Pamela Workman

Biography

Pamela Workman received her BFA from the Columbus College of Art and Design and MFA from Pratt Institute in New York City. While at Pratt she received the Certificate of Excellence Award for Outstanding Merit in Graduate Fine Arts for Painting. Shortly after graduating from CCAD as Valedictorian, she served as a Trustee for nine years and as Chairman on the college’s Committee on Academic and Student Affairs. Exhibitions include “Scaling Interiority” (2006), a solo show at the Albrecht-Kemper Museum, St. Joseph, Missouri; “Upscaled/Downsized: Intimate and Meticulous” (2009) at the Willard Winkelman Gallery, Bowling Green State University; and “Still Life Now” (2011) at ArtSpace/Lima, Lima Ohio. The artist is known for meticulously rendered still lifes, paintings that aren’t so much still lifes per se as meditations on surface, light, and reflection.

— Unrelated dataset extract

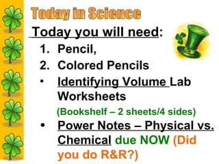 Students will need pencils, colored pencils, lab worksheets, and power notes to participate in identifying volume activities and assignments.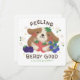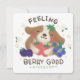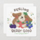 A cute illustration of a dog holding various berries in his arms with the text "FEELING BERRY GOOD"

In addition to working in oils, Workman has produced an artist book titled “Measured,” which features drawings based on photos of people she took during her travels. The artist lives in Columbus and New York City.

Statement

Compositional tour de force and color nuance are endlessly interesting to me. Perhaps it seems as if I paint the same things again and again, but each painting is different. I choose glass marbles, postage stamps, reflective surfaces, pencils, fruit, photographs and printed materials to create the perspectival and chromatic relationships I like to explore. Those objects are richly colorful, formally compatible, culturally and historically iconic, and challenging to render. As I work, the juxtaposition of hue against hue and the distortions caused by foreshortening or anamorphism are my principle focus. To my mind, the object loses material sensibility as burnished color and essential line emerge. When I paint a very large canvas, a sort-of Wonderland shift occurs in my mind, causing the still-life to become what I call a psychic-landscape. I am subsumed by the color and distortion–I feel that I am in the painting.

Recently, in addition to long term observation, I have used photography and computers as part of my process. During a trip to India, I took thousands of photographs. My reflections on that experience spin with the energy of an ancient and enduring people. Similarly, in addition to looking at a very real set-up of tiny stamps and rolling marbles, I take hundreds of photos of the still-life in order to extract details I cannot see without magnification. Technology, however, is not always useful. The colors in photographs are not as exacting or varied as those seen in life. In all cases, I rely on seeing the object with my eye when mixing color.